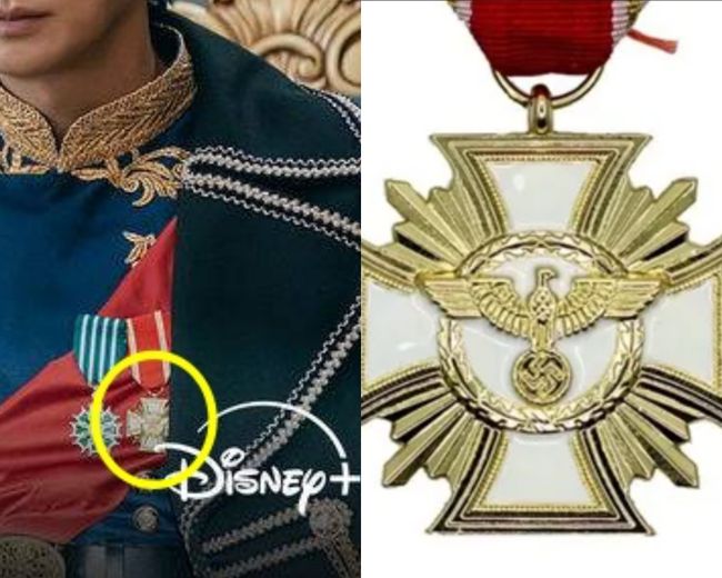 디즈니+ 오리지널 시리즈 ‘재혼황후’의 스틸컷이 공개된 가운데, 남자주인공 의상에 독일 나치가 사용했던 훈장과 유사한 소품이 사용돼 논란이 일었다.
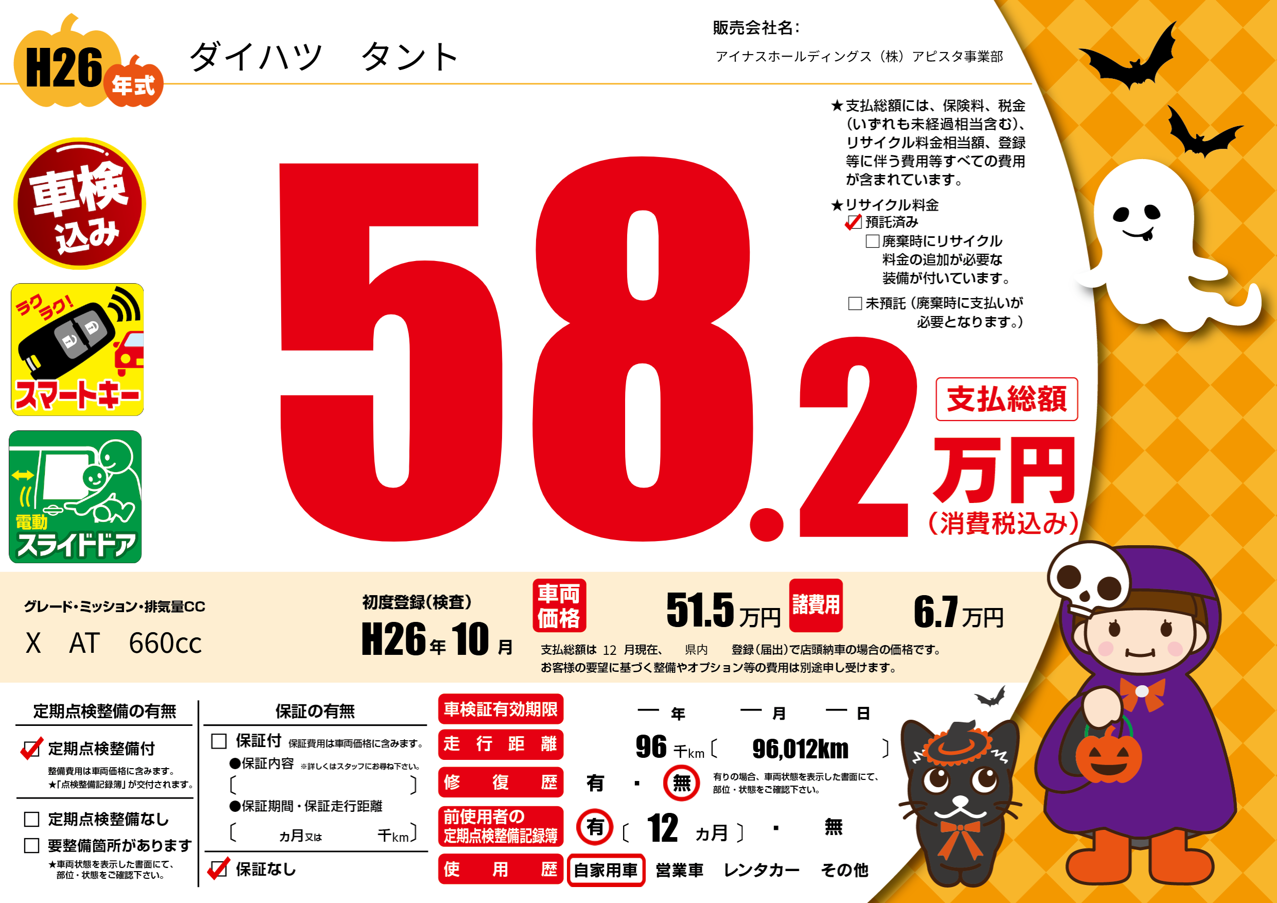 | 走行キロ | 9.6万km | 初年度登録 | H26年10月 |
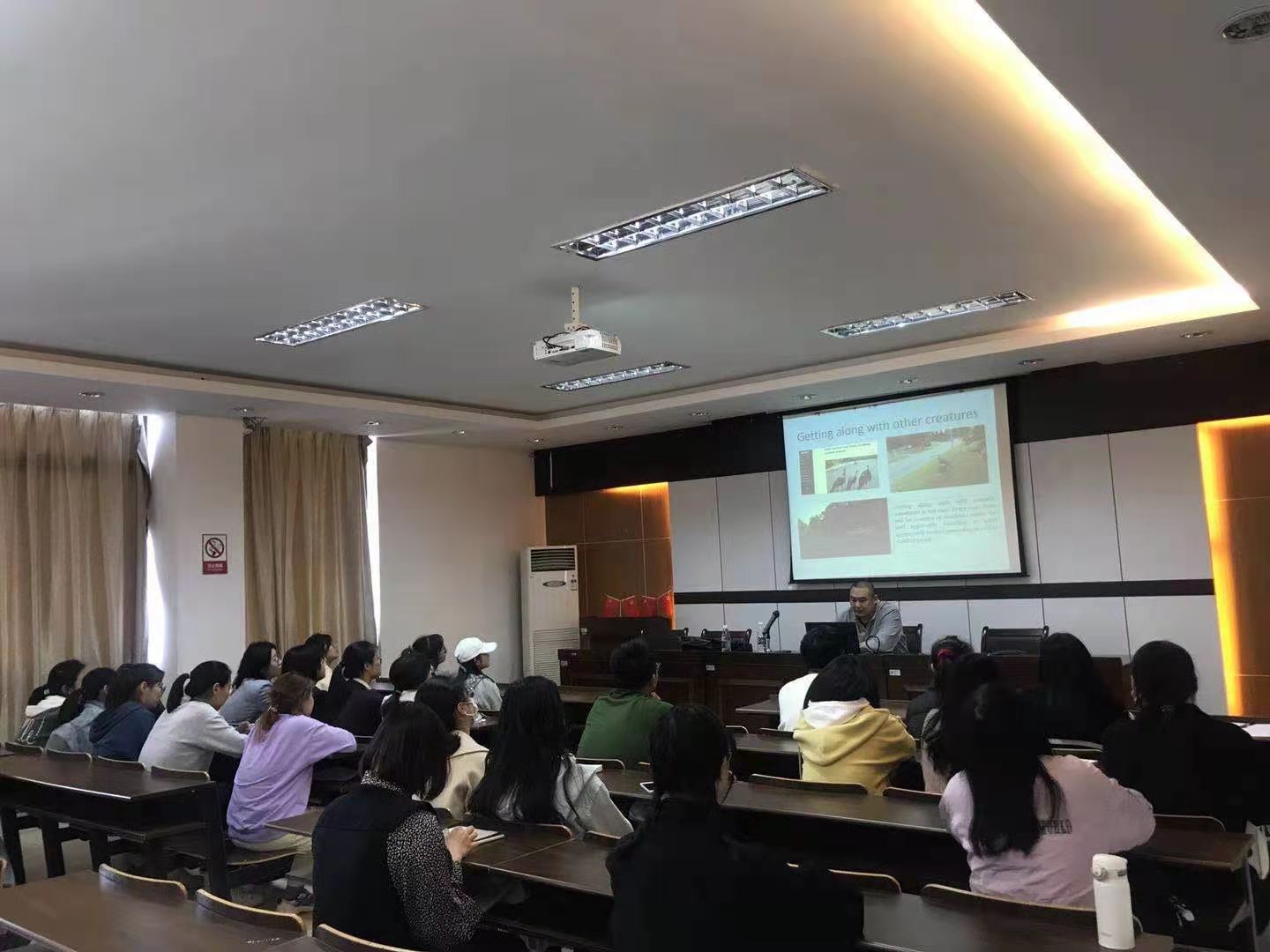 讲座伊始,张老师以个人丰富的科研经历以及独特的研究方向引出本次讲座的主题——跨学科追求海外科学研究与生活之路。照顾到大部分讲座参与同学是文科专业,他首先采用了图片、视频的形式来分享自己在哈佛大学的研究经历与学习生活,介绍了自己在哈佛医学院中国科学家学者协会的科研经历,为整场讲座奠定了轻松的基调,使同学们可以在轻松的讲座氛围中收获大量的信息。
________________________
Your answer should set down the listing verbatim and leave out its images.

- EXERCISE RESPONSE:
 디즈니+ 오리지널 시리즈 ‘재혼황후’의 스틸컷이 공개된 가운데, 남자주인공 의상에 독일 나치가 사용했던 훈장과 유사한 소품이 사용돼 논란이 일었다.
 | 走行キロ | 9.6万km | 初年度登録 | H26年10月 |
 讲座伊始,张老师以个人丰富的科研经历以及独特的研究方向引出本次讲座的主题——跨学科追求海外科学研究与生活之路。照顾到大部分讲座参与同学是文科专业,他首先采用了图片、视频的形式来分享自己在哈佛大学的研究经历与学习生活,介绍了自己在哈佛医学院中国科学家学者协会的科研经历,为整场讲座奠定了轻松的基调,使同学们可以在轻松的讲座氛围中收获大量的信息。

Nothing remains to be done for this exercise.